I'll update the documentation to mention 15.5.

xiaobaixuejava commented 1 month ago

byte_value = memory.read(addr5, 10)

name = byte_value.decode('utf-16').rstrip('\x00')

print( memory.read_type(addr5,"u16"))

May I ask, the above two pieces of code, the first can read out the memory saved name, but the second read out can not be returned is a number, which is why

ufrisk commented 1 month ago

The memory.read_type(addr5, "u16") reads a 16-bit unsigned integer, not a utf-16 string.

Anyway for programming discussions it's probably better to take it over at Discord since the Github issues section is more for reporting bugs and coming up with feature requests.

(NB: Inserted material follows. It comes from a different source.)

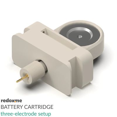 The battery cartridge elements are constructed with materials that are inert to the sample (Stainless steel 316L/317L and PEEK). It well fits aqueous (FKM and EPDM O-Rings) and organic solvent (FFKM O-Rings) electrolyte requirements. Good electrical contact is ensured by gold plated pins. The battery cartridge can be effortlessly installed in the Three Electrode Battery Test Cell even when operating in the glove box, reducing possible human error to minimum.

xiaobaixuejava commented 1 month ago

I apologize for not using Discord; for some reason, I am unable to access it. Currently, I am facing an issue where I utilize Python to monitor the performance of virtual machines (VMs). While this works effectively in a single process, initiating four processes to read data from four VMs results in significant latency. Therefore, I would like to inquire if there are any strategies available to mitigate this latency. Additionally, what factors influence the access rate? Is it related to memory frequency

ufrisk commented 1 month ago

I assume you're using VMWare VMs? I haven't tested it like that. But if it's slowing down when reading from multiple VMs in multiple processes I doubt there is much I can do about it.

Ensure you have sufficient memory and CPU resources on your host.

Other than that I don't know. It may be an issue with VMWare itself. MemProcFS doesn't have any shared data structures between processes so that should not be the reason.

It's possible to attach to Hyper-V VMs on Windows as well, and also on Linux you can access QEMU VMs.